PHOENIX, AZ (July 2017) – The Integrated Life Science Research Center’s (ILSRC) vision is to become the first research team in the country dedicated to promoting the development of safe, sustainable practices, products, services and protocols through life sciences and engineering. This work would not be possible without several state-of-the-art laboratories, each of which are tasked with important functions to support leading Arizona-based agricultural company, BioFlora.
As part of BioFlora’s dedication to growers, the ILSRC’s laboratories are utilized to collect and investigate samples of diseased or deficient crops from around the world. These analyses are then used as a platform to create customized BioFlora products, or tailor a BioFlora plant nutrient program specific to the disease or deficiency identified by the ILSRC.
To further this initiative, the ILSRC has already designed and launched four unique laboratories, and after high demand, has now added the Molecular Biology Laboratory to its arsenal.
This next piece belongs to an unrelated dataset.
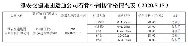 運通貿(mào)易有限公司。運通公司是雅安市交通建設(集團)有限責任公司獨資子公司,主要負責雨城區(qū)中心城區(qū)河道外砂石經(jīng)營管理工作。目前,公司與名山區(qū)匯鑫建材經(jīng)營部確定了代加工合作關(guān)系,已投產(chǎn),預計年生產(chǎn)能力約30萬噸。

The Molecular Biology Laboratory will serve two critical purposes in advancing the use of innovative technology for research, development and technical support at the DNA level.
The first important feature of this laboratory is the rapid identification of plant pathogens in agricultural samples. The second feature, is the swift detection of the beneficial bacterial inoculant’s present in BioFlora’s various biological fertilizers and soil amendments. This will provide enhanced quality control, as these molecular techniques provide precise, reliable and reproducible results that are predictive in nature.
The new Molecular Biology Laboratory will provide fast identification of fungal and bacterial plant pathogens, through PCR and ELISA methods, without the need to wait for the causal organism(s) to be isolated and grown in the ILSRC’s Microbiology Laboratory. For growers, incredible process improvement provides extremely valuable information in a more timely manner.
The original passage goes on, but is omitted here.